Transmission Control Protocol was designed and implemented decades ago. Today, the public network looks very different than it did back then. TCP is a brilliantly designed and implemented protocol that has served us well. However, its design principals from 35 years ago no longer apply.
TCP congestion control assumes that any error – e.g., a lost ACK – is caused by congestion. This allows TCP to be fair when sharing a critical resource. Decades ago, that made sense; today, it doesn’t. Back then, the critical resource was limited bandwidth in the core of ARPANET. Today, the core of the network is no longer a critical resource. It offers ludicrous capacity and speed. There is no need for TCP to be polite: bandwidth is plentiful.
What about the access portion of the network, that first mile / last mile technology that connects users to that ridiculously fast and capable core?
Let’s use DOCSIS 3.1 as an example. In a typical system, the Cable Modem Termination System transmits to homes in a single channel while homes transmit to the CMTS using a Time Division Multiple Access strategy on multiple channels. The key here is that you have your own dedicated upstream time slot. Your neighbor also has a dedicated time slot.
When your legacy TCP connection detects a lost packet, it assumes congestion and backs off in the name of fairness. That doesn't make much sense. To understand why, let’s go over three possibilities for the packet loss.
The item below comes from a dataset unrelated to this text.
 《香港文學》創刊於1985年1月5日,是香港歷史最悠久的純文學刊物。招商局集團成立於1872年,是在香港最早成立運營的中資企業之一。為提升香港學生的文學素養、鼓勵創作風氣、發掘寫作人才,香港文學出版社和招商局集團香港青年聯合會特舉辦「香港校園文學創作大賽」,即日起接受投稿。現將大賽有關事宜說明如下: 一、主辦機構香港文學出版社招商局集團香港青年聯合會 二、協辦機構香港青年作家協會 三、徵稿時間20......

An error occurred in the core of the network. If this happens, the protocol should retransmit immediately. There is no need to wait or back off. There is no need to assume the problem occurred because of congestion. There is plenty of bandwidth in the core and there is no need to be fair.
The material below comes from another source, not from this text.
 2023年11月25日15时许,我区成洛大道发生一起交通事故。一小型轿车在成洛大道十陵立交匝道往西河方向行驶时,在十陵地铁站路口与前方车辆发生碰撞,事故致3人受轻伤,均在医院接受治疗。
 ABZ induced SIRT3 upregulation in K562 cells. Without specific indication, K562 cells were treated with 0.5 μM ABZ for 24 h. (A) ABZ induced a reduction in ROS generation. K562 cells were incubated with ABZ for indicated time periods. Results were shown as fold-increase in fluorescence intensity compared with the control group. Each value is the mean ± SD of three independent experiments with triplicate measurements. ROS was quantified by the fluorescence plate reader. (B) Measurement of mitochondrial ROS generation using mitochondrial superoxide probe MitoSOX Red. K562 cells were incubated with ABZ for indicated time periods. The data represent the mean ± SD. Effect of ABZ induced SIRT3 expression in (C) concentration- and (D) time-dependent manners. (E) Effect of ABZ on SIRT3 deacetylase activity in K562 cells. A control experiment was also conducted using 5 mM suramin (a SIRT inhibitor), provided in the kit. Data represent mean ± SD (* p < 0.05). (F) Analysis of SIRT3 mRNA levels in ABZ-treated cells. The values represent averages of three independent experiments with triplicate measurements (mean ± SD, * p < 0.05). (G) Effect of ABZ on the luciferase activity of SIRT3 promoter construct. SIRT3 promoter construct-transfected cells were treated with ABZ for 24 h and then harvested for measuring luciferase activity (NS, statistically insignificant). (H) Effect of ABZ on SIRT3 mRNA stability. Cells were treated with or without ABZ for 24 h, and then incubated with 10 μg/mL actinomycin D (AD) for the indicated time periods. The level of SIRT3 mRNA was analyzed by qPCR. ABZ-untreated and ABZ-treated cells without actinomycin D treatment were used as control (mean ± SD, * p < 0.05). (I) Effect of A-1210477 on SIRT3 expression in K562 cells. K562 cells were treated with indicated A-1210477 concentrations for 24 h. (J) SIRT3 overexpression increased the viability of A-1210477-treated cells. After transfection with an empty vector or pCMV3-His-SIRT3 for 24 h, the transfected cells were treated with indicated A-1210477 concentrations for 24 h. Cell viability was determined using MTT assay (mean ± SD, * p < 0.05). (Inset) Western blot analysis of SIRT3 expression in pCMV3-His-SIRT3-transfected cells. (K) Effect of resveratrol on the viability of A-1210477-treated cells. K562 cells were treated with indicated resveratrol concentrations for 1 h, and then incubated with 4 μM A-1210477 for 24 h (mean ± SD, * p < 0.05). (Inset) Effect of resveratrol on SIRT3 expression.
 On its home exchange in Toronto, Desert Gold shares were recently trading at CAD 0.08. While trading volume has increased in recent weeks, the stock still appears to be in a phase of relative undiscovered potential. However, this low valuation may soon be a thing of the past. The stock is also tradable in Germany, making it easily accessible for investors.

The congestion or error occurred in the upstream direction from your house to the CMTS. The pinch point – where your congestion can occur – is limited to your upstream time slot. You may as well retransmit right away because you are only competing with yourself. An ideal solution would include QoS at the edge of your home to prioritize traffic. However, that is a different blog post.
The congestion or error occurred in the downstream direction from the CMTS to your house. In this case, you are sharing downstream bandwidth with your neighbors. Many multiservice providers implement logic in the CMTS to ensure you and your neighbors use your fair share. So again, the protocols you run should assume you are only competing with yourself and retransmit right away.
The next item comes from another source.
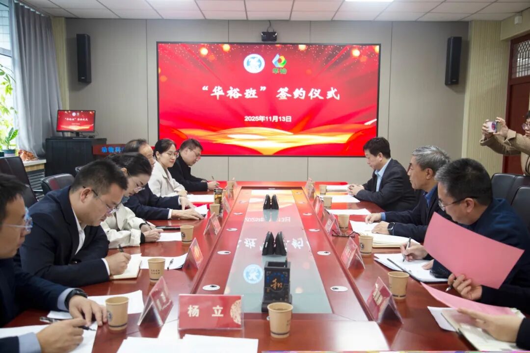 11月13日,華裕農(nóng)業(yè)科技有限公司董事長王連增一行7人,專程奔赴河北農(nóng)業(yè)大學(xué),與動物科技學(xué)院黨委書記楊彥華等學(xué)院領(lǐng)導(dǎo)齊聚一堂,共同推進(jìn)第六期“華裕班”建設(shè),為深化產(chǎn)教融合、培養(yǎng)農(nóng)業(yè)領(lǐng)域高素質(zhì)人才再添新動力。
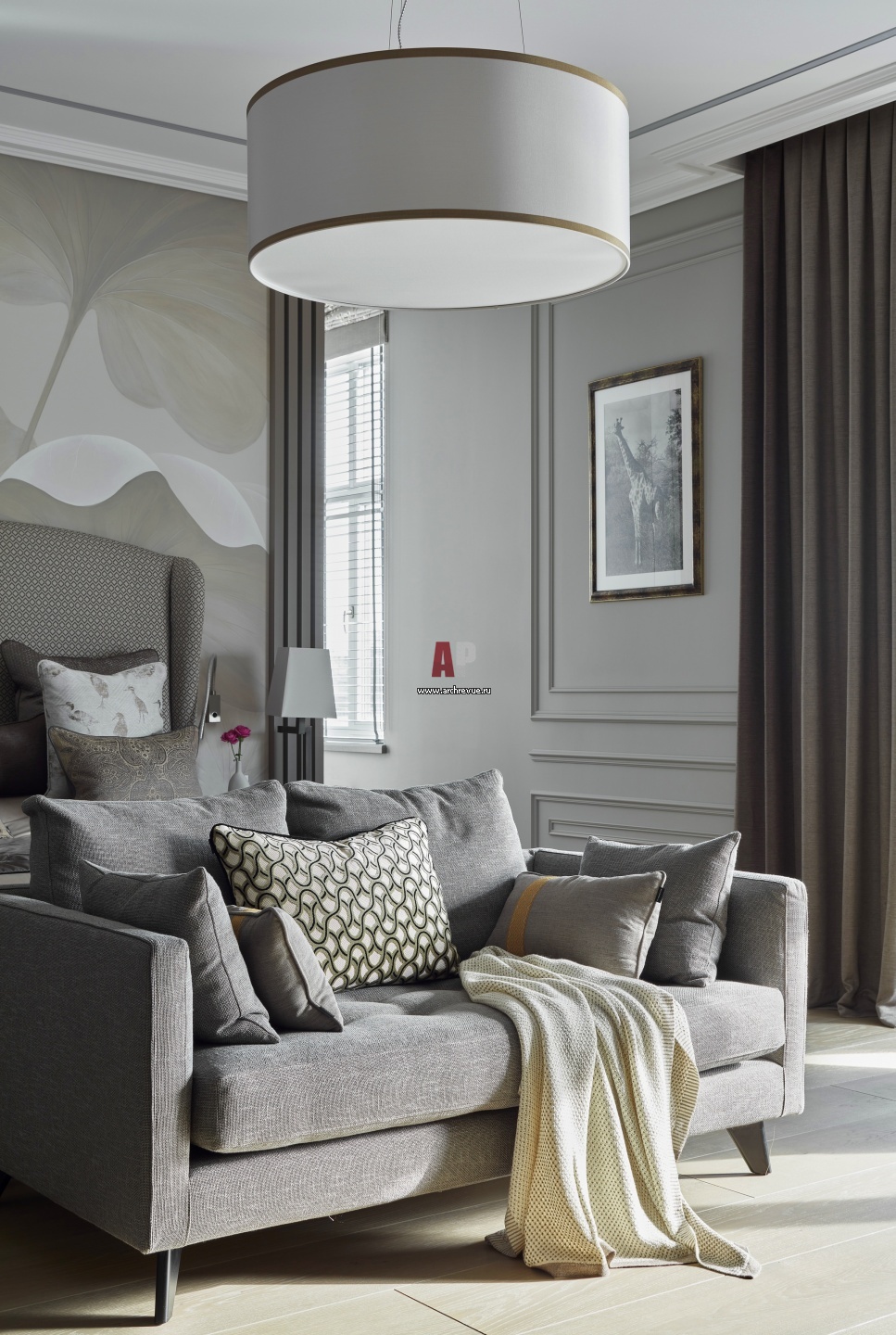 Спальня дочери. Вместо традиционной банкетки в изножье кровати установлен диван Marac – дополнительное место для отдыха, куда можно посадит гостей. Лепной потолочный карниз, высокий 25-ти сантиметровый плинтус, двойные молдинги в рамках в оформлении стен – дань классической стилистике.

Over time, any protocol must determine the effective throughput rate. However, a modern design should not assume errors are due to congestion over a shared resource. Instead, the protocol should determine the effective throughput, quickly assuming any drop outside of the effective throughput is due to an error and not congestion.
In today's networking world, all too often you compete with yourself for bandwidth. It’s time the protocols you use optimize the bandwidth you purchase.